Three and Out – ‘Anthem’
Throughout my weeks of attempting to play this game and an additional week of waiting for Anthem to stop bricking consoles, this was the main impression I had: Anthem sucks. I’ve never before struggled with finishing a game until I began my journey through Anthem’s mess of a world. And even after dealing with game crashes, wasted missions, boring fetch quests, and nonsense grinding, there was just a modicum of fun to be had in Anthem. Ultimately it makes me sad for something almost good to be stuck in this maelstrom of a development hell with no hope for its salvage anywhere on this horizon.
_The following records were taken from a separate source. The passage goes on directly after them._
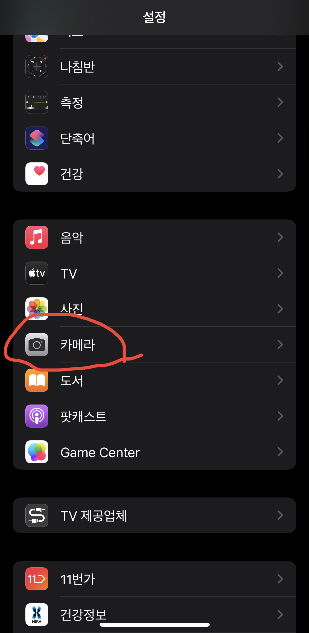 1. 아이폰 "설정" -> "카메라"를 터치해줍니다.
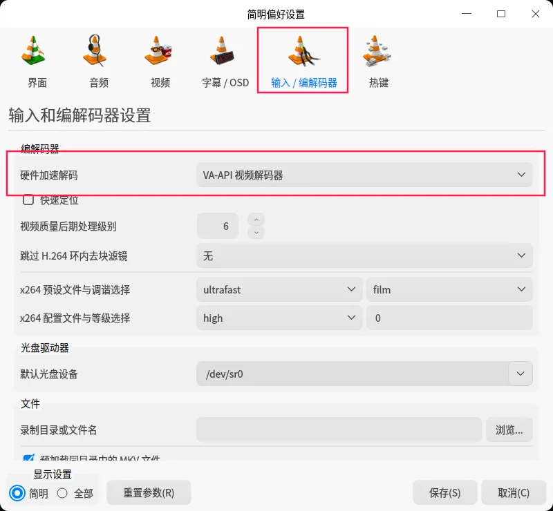 VLC 中的硬件加速在界面中通过“工具 → 偏好设置 → 输入/编解码器 → 硬件加速解码”进行控制。
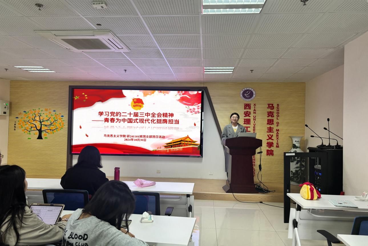 10月30日,支部全体成员在综南楼911报告厅集中学习党的二十届三中全会精神,观看纪录片《见证变革的力量》,体验非遗竹编画,感受改革开放以来我国发生的巨大变化。
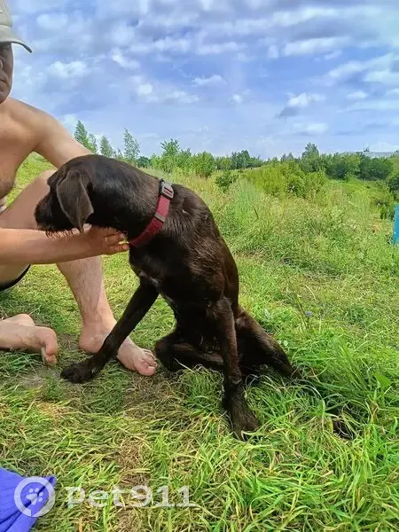 Окрас коричневый, курцхаар, ошейник красный, на загривке чуть ниже ошейника две заживающие раны. Прибежала на карьер около 10 утра, искупалась,знакомилась с окружающими. Уходили около 12, собака была еще там.
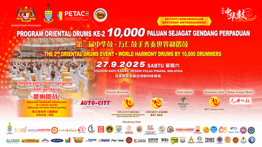 2025年9月27日,第二届中华鼓·万仁鼓手齐奏世界和谐鼓盛典在马来西亚峇都交湾槟州体育场盛大举行!
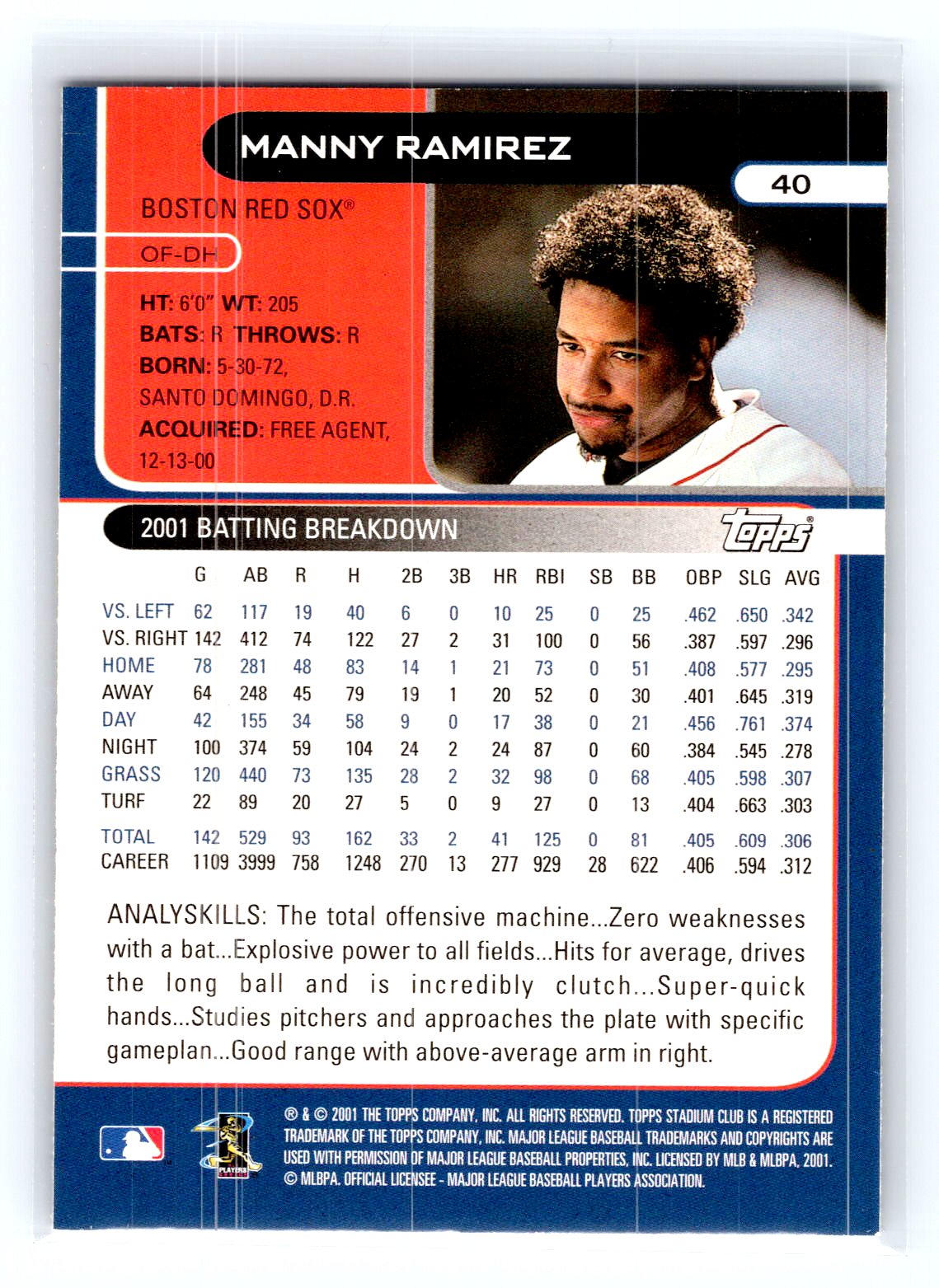 This is a really nice example of a 2002 Stadium Club #40 Manny Ramirez .

Anthem made me feel both over-prepared and underprepared in intervals shorter than the patience I was left with after each session playing the game. Anthem’s gameplay gets stale almost immediately and feels unfinished at most times when you are met with what seem like the same conditions over and over: of shooting up a few hordes until the mission ends. The only other deviation from the almost fun combat missions are the tedious search missions that are akin to the Knuckles levels in SEGA’s Sonic Adventure 2. These levels were the bigger waste of time and nearly brought me to abandon the game entirely to relieve me of the Anthem induced headache. The best part of Anthem and most fun I had playing the game was when I was just roaming the map by flying in the Javelin. Flight is the best mechanic Anthem provides and yet it is also the most limited action in the game, which almost fits poetically in Bioware’s epic tragedy. The game world is lush and at times beautiful, with varying flora and wildlife that will fight back if you get too near. But in my experience, this was the only interaction to be had in the world. Anthem will greeted me with a two minute loading screen claiming it’s matchmaking you with other players playing the game, but there was never anyone. Playing Anthem was frustrating, and buggy, and it intentionally wasted my time in attempts to inflate my playtime. Above all else, Anthem was lonely.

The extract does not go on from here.